I love murder mysteries when they're good ones by good authors and other kinds of mysteries, adventure, or espionage type stories, those page turners that you can't put down. I love many of the old classics. Non fiction includes books about dogs, how to stuff, although that's mostly on the Internet, not books for me. Gardening/landscaping is something I'm often looking at, bird books so I can identify birds around me, stuff like that.
Dober, you might really like the Casey Stone series, by Robert W. Godwin. It starts with
Alias Baby Girl. They started out as an homage to Mickey Spillane, but the original story took on a life of its own. I rarely read murder mysteries, as I've got them figured out before I'm halfway through, and often the characters aren't very three dimensional, but there are enough twists in these to keep it a mystery, and the characters are very well developed.

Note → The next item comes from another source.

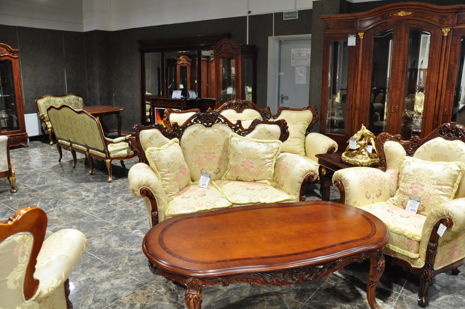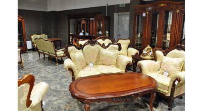 - мебель для гостиных и столовых комнат (шкафы-витрины 1, 2, 3, 4-х дверные, угловые, круглые; гарнитуры мягкой мебели, столы журнальные, кофейные, тумбы под ТВ, комоды, скамьи, подставки для журналов цветов, сервировочные тележки; столы обеденные, стулья, барные стойки, камины).
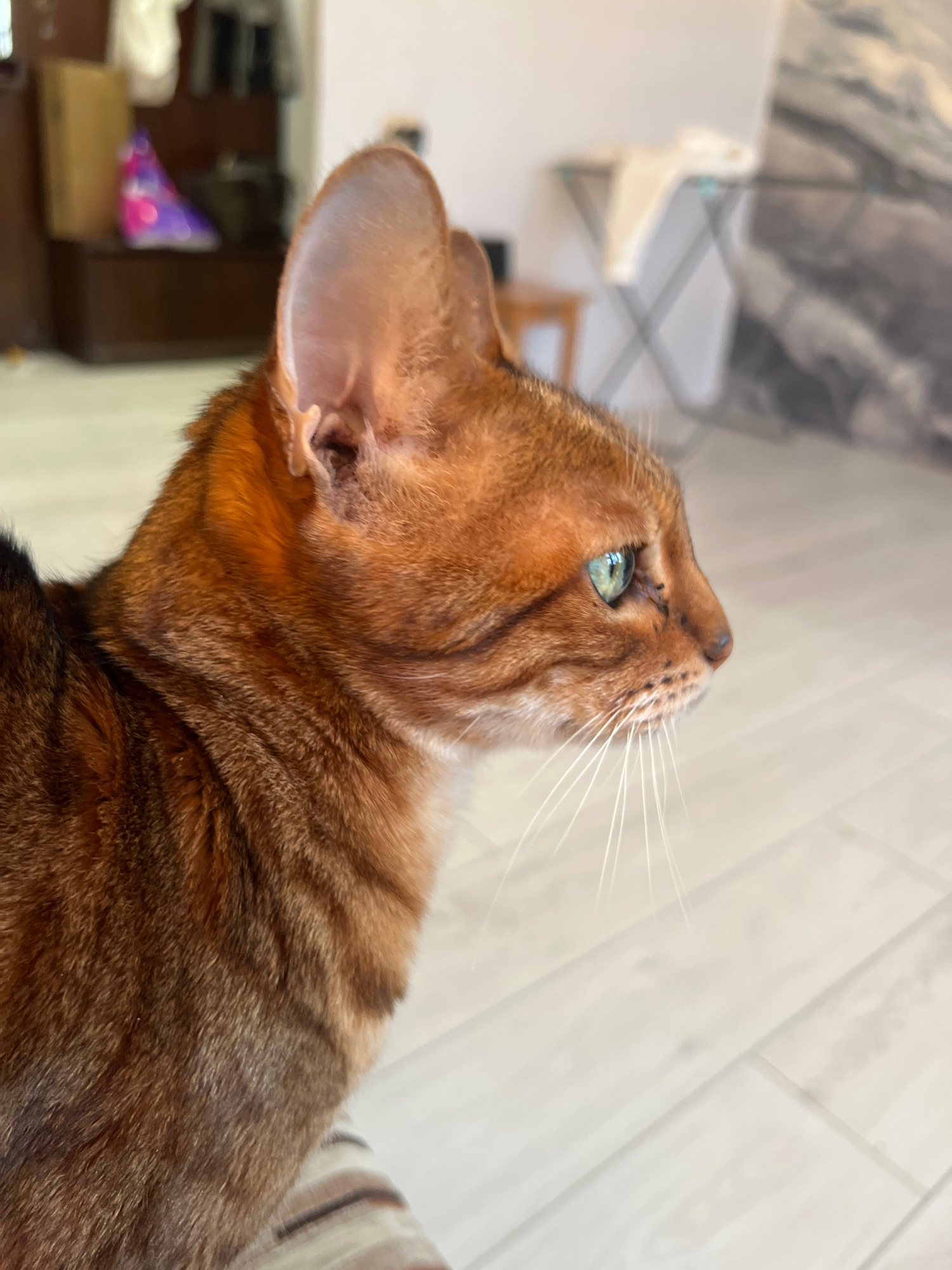 A close-up shot reveals a brown Bengal cat looking upwards with bright green eyes and long, white whiskers. The cat's fur displays distinct brown markings. The background includes a section of what ap…read more

Definitely don't judge the book by the cover. The publisher had their way on the covers and the one on the first book is . . . well, it's tragic. I think they photographed a woman in drag as Casey -- and it's absolutely not true to the character
:rofl1:
I'm involved (the other members kept at me to join them even though I don't really write in the genre, although
The Black Dog Dialogues really is, I guess, something of a cross between sort-of-urban fantasy/suspense) in the mystery and suspense writing group within the Knoxville Writers' Guild, and there are some VERY interesting projects being worked on, the setting of one is a big Mardi Gras barbecue cook off in Memphis. Another is based on a true story, set in the southwest. I'm working on formatting a non-fiction book on Egypt for one of the other members. LOTS of photos so the formatting is . . . interesting. :wall: You'd probably enjoy the book.